1 portion Big Batch Calcium-Boosted Beef, thawed if necessary

3 tbsp (45 mL) hoisin sauce

2 tbsp (30 mL) soy sauce

3 cups (750 mL) hot cooked rice

⅓ cup (75 mL) sliced almonds, toasted


Instructions

  1. Heat oil over medium-high heat in a large nonstick skillet. Cook vegetables, stirring often, for about 10 minutes or until starting to thaw.
  2. Add Big Batch Calcium-Boosted Beef mixture, hoisin and soy sauce; cook, stirring, for 5 minutes or until beef and vegetables are heated through.
  3. Divide rice between serving bowls and top with stir-fry. Sprinkle with almonds.

Per Serving (1/4 recipe): 560 calories, 23g fat, 7g saturated fat, 65mg cholesterol, 780mg sodium, 56g carbs, 7g fibre, 10g sugars, 31g protein, vitamin A 3%, vitamin C 31%, vitamin D ≥2%, calcium 18%, iron 17%.

*Calcium = 175 mg per serving


Notes

Omit almonds and use a sprinkle of sesame seeds instead, if desired.

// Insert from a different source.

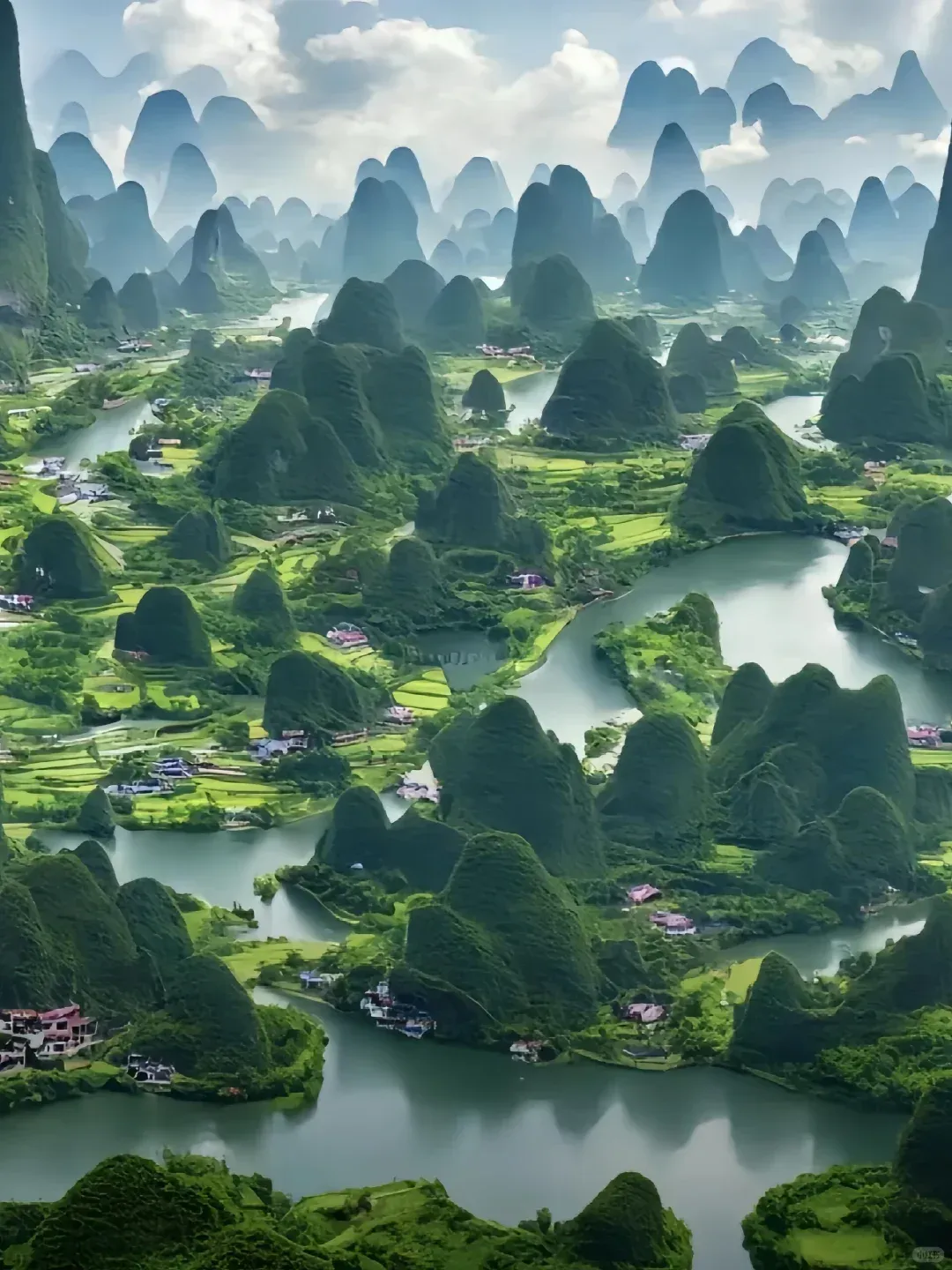 亮点:《花千骨》取景地。喀斯特峰林环抱,稻田、河流、村庄相映成趣,可竹筏漂流、骑行,体验宁静的壮乡田园。
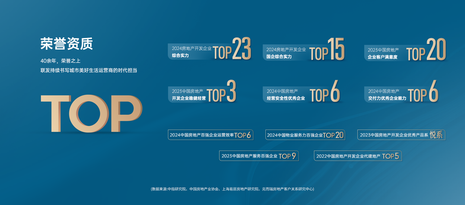 已连续18年上榜中国房地产百强企业,2024年荣获房地产开发企业综合实力第23位。

To toast almonds, place sliced almonds in small dry skillet and toast over medium heat, stirring constantly, for about 3 minutes or until golden and fragrant. Transfer to a bowl immediately and let cool.

If you have fresh veggies you want to use for this stir-fry, a great combination would be broccoli, green beans, sweet red pepper and sugar snap peas. You will need 6 cups (1.5 L) chopped or pieces; cook until barely tender-crisp before adding the beef.